Just a year after the Fifth Circuit's Seminole Tribe decision, a similar case called Barona Group v. Duffy arose in California. Citing to Seminole Tribe and stating that they found it "persuasive," the Ninth Circuit held that California could not enforce its bingo laws on a tribe's reservation because California allowed bingo games in some contexts, meaning its statute was merely regulatory. Decisions from at least six additional circuits later followed suit, upholding tribes' right to conduct high-stakes bingo on their reservations even though they were located within states that barred commercial gambling, but made exceptions for activities such as low-stakes charitable bingo games. Thus, the Seminole Tribe case – and the cases from other circuits following it – "opened the floodgates" to high-stakes bingo on tribes' reservations in any one of the forty-five states that, by the mid-1980s, had exceptions in their bingo laws for low-stakes bingo games carried out by religious, charitable, educational, or other similar groups.
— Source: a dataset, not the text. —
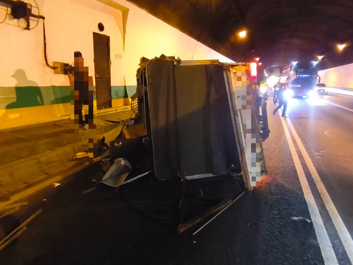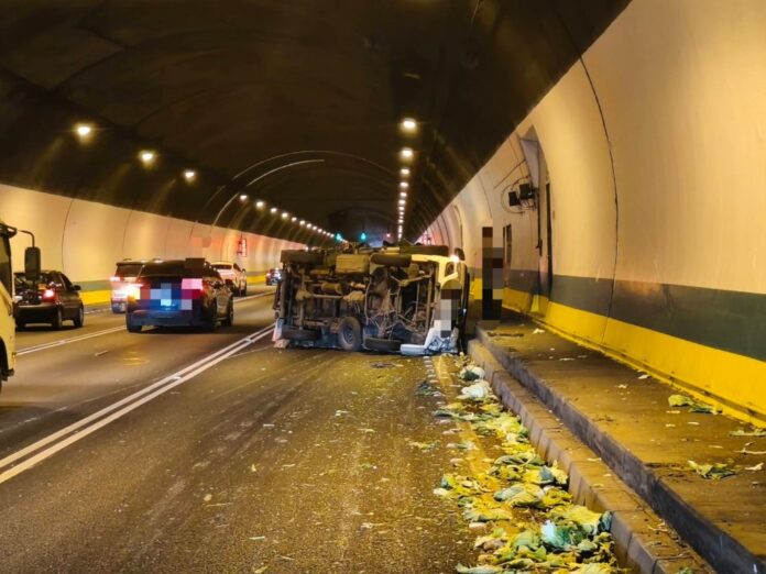國道3號新店隧道內貨車翻覆車上載運青菜掉落路面。翻攝畫面

Then in 1987, the Seminole Tribe case was cited in California v. Cabazon Band of Mission Indians, a seminal Supreme Court decision on Indian gaming. In this case, the Court found that the prohibitory/regulatory distinction drawn in Seminole Tribe and other circuit cases was consistent with Bryans construction of Public Law 280. Applying a balancing test and reasoning similar to Seminole Tribe, the Court held that the State could not prevent the Cabazon Band of Mission Indians from continuing its bingo operations, even when faced with concerns about organized crime.

Finally, following the rapid expansion of bingo parlors on reservations after Seminole Tribe, the landmark Cabazon decision, and the resultant increasing pressure from states to provide for some means of state control over gaming on reservations, Congress passed the Indian Gaming Regulatory Act in 1988, the major federal law establishing the framework currently governing Indian gaming.

=== Impact on the Seminole Tribe ===
In the mid-1970s, the Seminole Tribe was in need of additional funds for its tribal government. Congress had adopted a new policy of tribal self-determination earlier in the decade, but although the new policy granted additional rights and powers to Tribes, congressional appropriations to Tribes had only declined. The Tribe believed it needed to develop a large and robust revenue source that would decrease their reliance on federal government funding.

The Seminole Tribe first turned to opening smokeshops that sold tax-free cigarettes in 1976, generating about $1.5 million in revenue in the first few years. This was a start, but the Tribe believed it needed more revenue to gain greater independence. So in 1979, the Tribe turned to building the bingo hall on its reservation instead.

Once the Seminole Tribe's bingo hall was permitted to open in December 1979, it proved to be the significant source of revenue the Tribe had hoped for. By a year after the bingo hall had opened, the hall was producing revenues of $1 million per month. Smokeshop revenue was also bolstered by the bingo business, reaching $800,000 per month.

Since then, the Seminole Tribe has been a leader in developing and defending Indian gaming. By 2000, the Tribe operated 5 casinos, attracting an estimated 2 million visitors annually and contributing $65 million to the local economy. By 2002, the Tribe's Gaming Department employed almost 2,000 individuals. And in 2001, the tribe's budget exceeded $200 million, with over 95 percent of funds coming from casino revenues. According to the Seminole Tribe's website, the Tribe's gaming enterprises and other subsequent business ventures "have brought the Seminoles closer to their stated goal of self-reliance."